## What this task involves
Print the listing below exactly, minus its pictures.
***** Supplied data
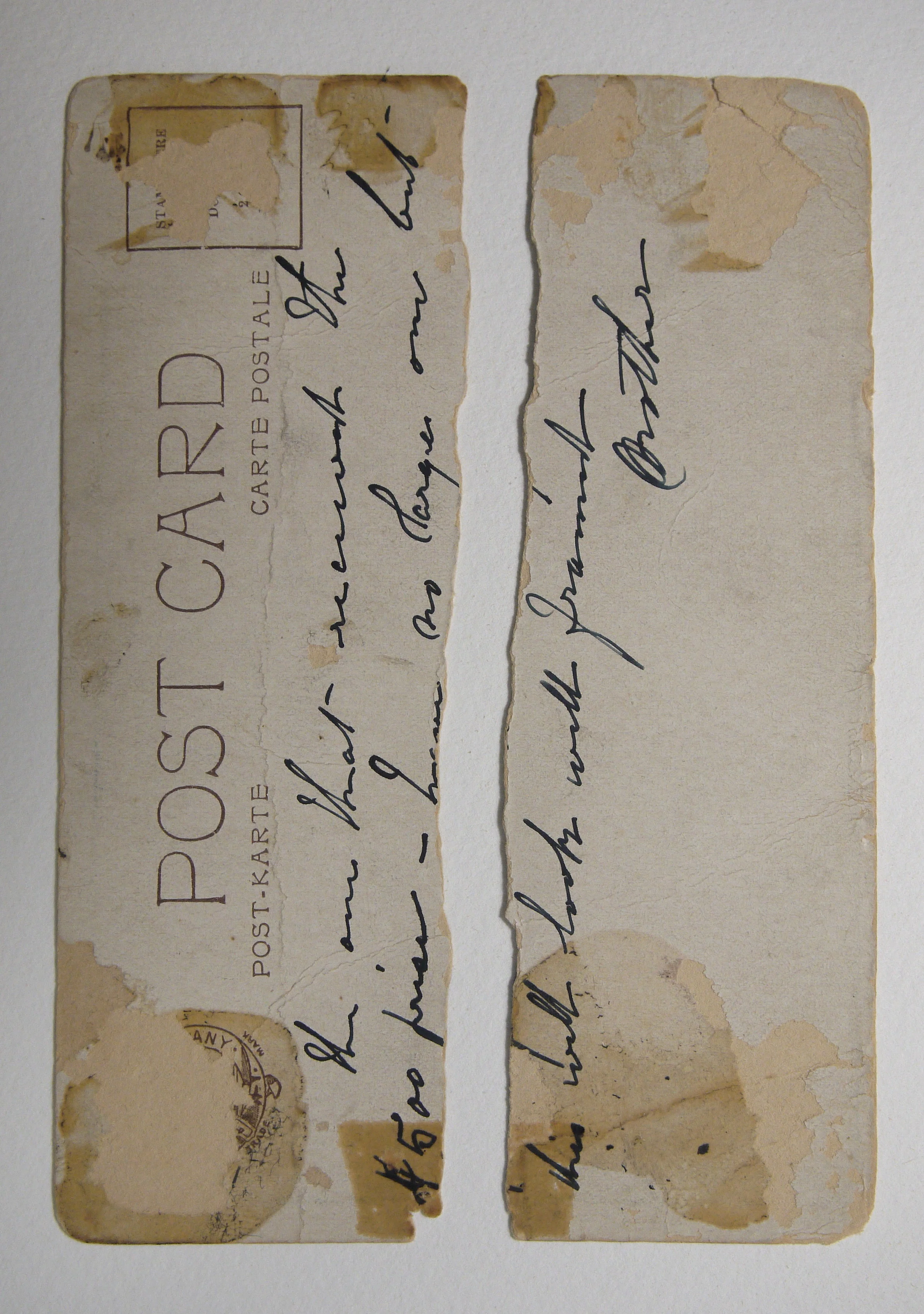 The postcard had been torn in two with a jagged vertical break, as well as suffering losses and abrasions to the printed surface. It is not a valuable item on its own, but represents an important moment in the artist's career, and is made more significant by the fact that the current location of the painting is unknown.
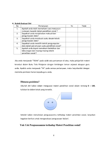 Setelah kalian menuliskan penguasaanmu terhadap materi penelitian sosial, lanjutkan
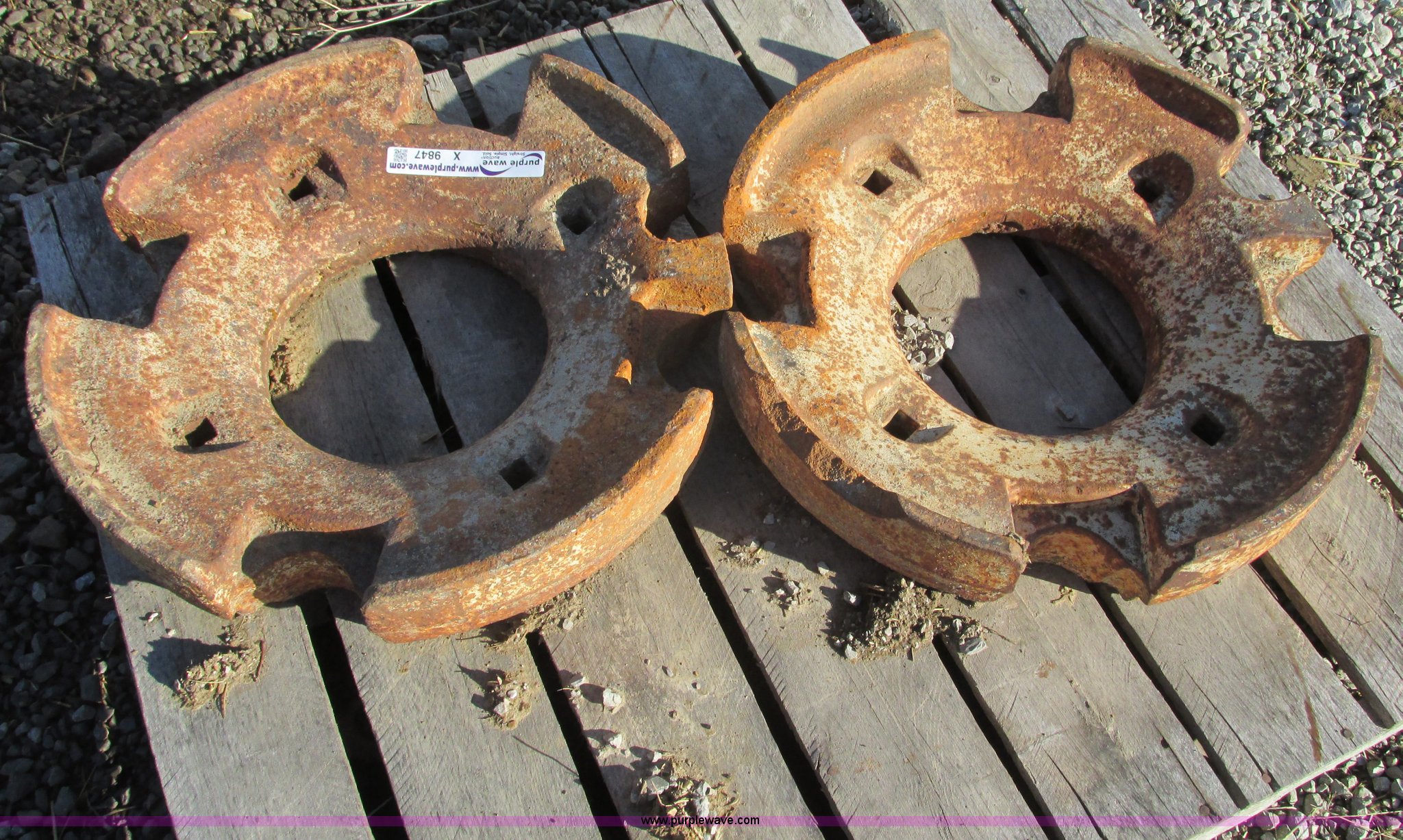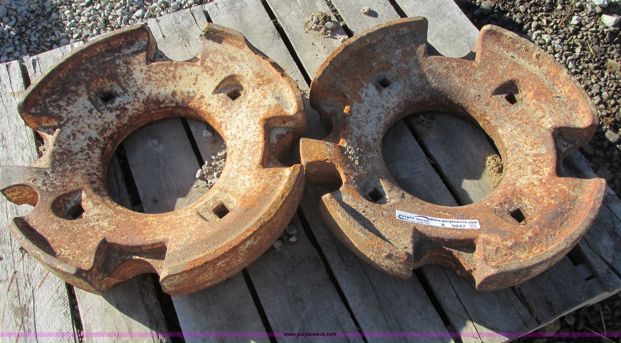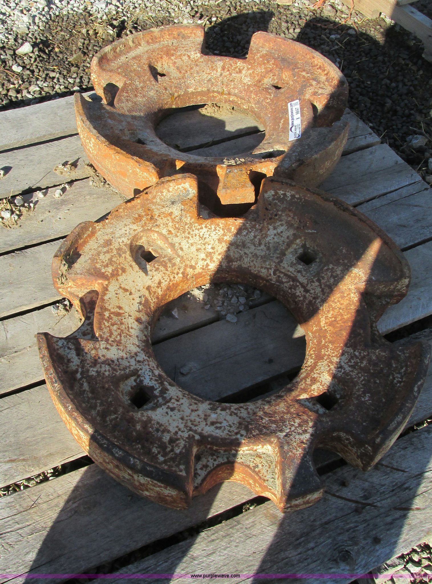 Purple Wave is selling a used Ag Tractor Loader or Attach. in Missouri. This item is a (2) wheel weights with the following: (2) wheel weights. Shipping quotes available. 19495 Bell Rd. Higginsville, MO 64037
**********
## Finished exercise
 The postcard had been torn in two with a jagged vertical break, as well as suffering losses and abrasions to the printed surface. It is not a valuable item on its own, but represents an important moment in the artist's career, and is made more significant by the fact that the current location of the painting is unknown.
 Setelah kalian menuliskan penguasaanmu terhadap materi penelitian sosial, lanjutkan
 Purple Wave is selling a used Ag Tractor Loader or Attach. in Missouri. This item is a (2) wheel weights with the following: (2) wheel weights. Shipping quotes available. 19495 Bell Rd. Higginsville, MO 64037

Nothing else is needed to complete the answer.